THE A TO Z OF EXPLORING

We may know how to navigate it but how well do we know the streets and roads that make up the places in which we live? Jack Cornish challenged himself to walk every road in London – and discovered a whole new way of seeing his home city

-

Ten years ago, I vowed that I would walk every street in London. The idea developed when I was living in Brixton in south London and, once or twice a week, I’d walk the four miles or so to my office in Holborn, right in the city centre. It only took a couple of months to become rather bored of the same walk along the same streets, so I started to mix it up – taking short diversions, striding down undiscover­ed side streets – just to vary the routine. Gradually my routes began to spread further and further, and I started to wonder: in my 25 years of living in the capital, how many of its streets have I walked? And so my mission began: to walk every road, avenue, mews, row, alleyway and square of the city.

In regular life, we all tend to stick to a pretty small ‘area of influence’ – where we live, where we work and where our friends live, with the occasional trip out, to visit a museum or park perhaps.
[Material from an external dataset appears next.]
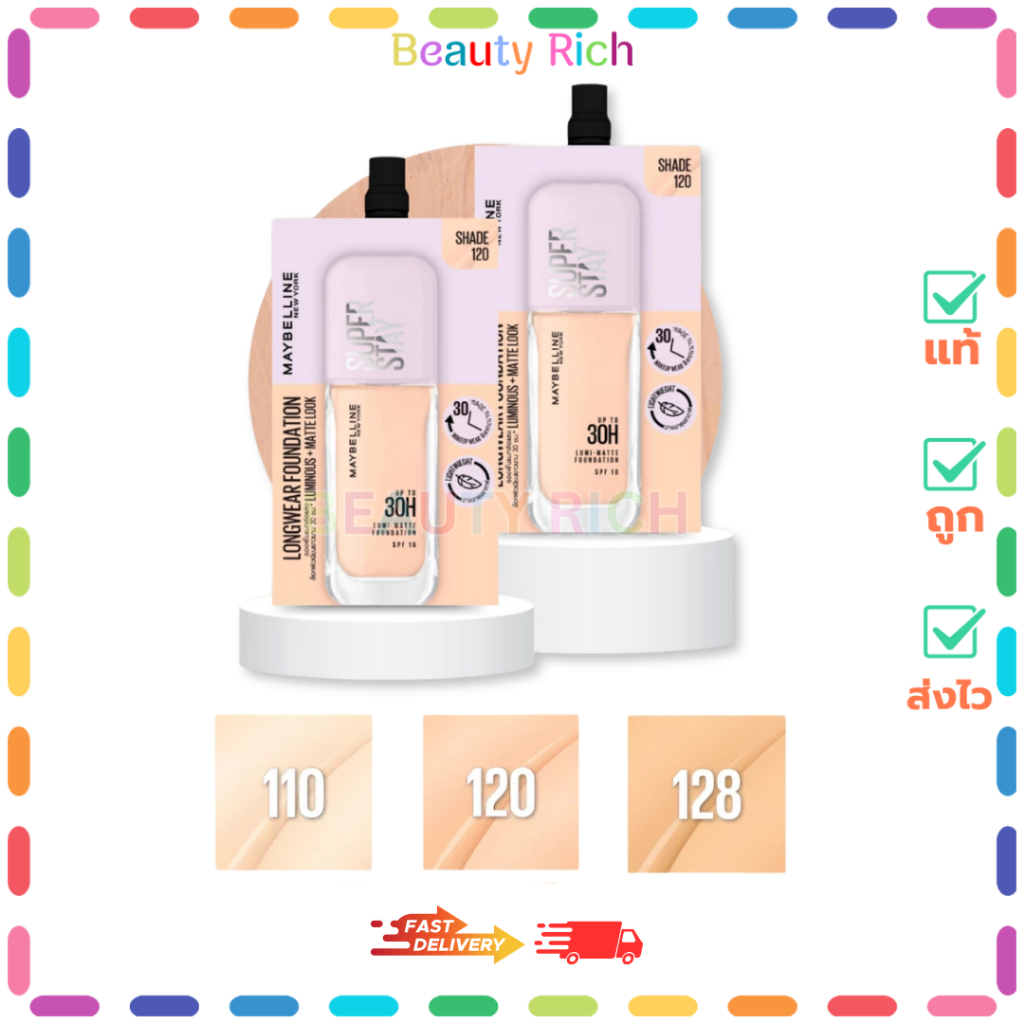 (1 ซอง) Maybelline Superstay Lumi-Matte Foundation(ซองม่วง) เมย์เบลลีน ครีมรองพื้น (5 ml.)

This attempt to walk all the streets breaks that – it creates a reason to go somewhere new. And, in the process, on nearly every walk I have stumbled across the unexpected – a small row of thatched cottages in the

modern suburbs of Brent, the magnificen­t cupped pink blossom of a magnolia tree thriving in many a front garden, a tranquil Japanese garden tucked behind what was once Television Centre within the constant rumble of the Westway road.

Exploring a new area, or “ticking-off” a street has now become part of how I live in the city. I formed habits of getting off the bus at a different stop, deliberate­ly arriving ten minutes early to meet friends and then walking round the block; or setting off on a free Saturday to explore a completely new part of town. Having lived in London nearly all my life, I realised there are parts of the city I have never thought about, let alone visited. If you live in Lewisham in the south east, it is easy never to visit Ealing out in the west.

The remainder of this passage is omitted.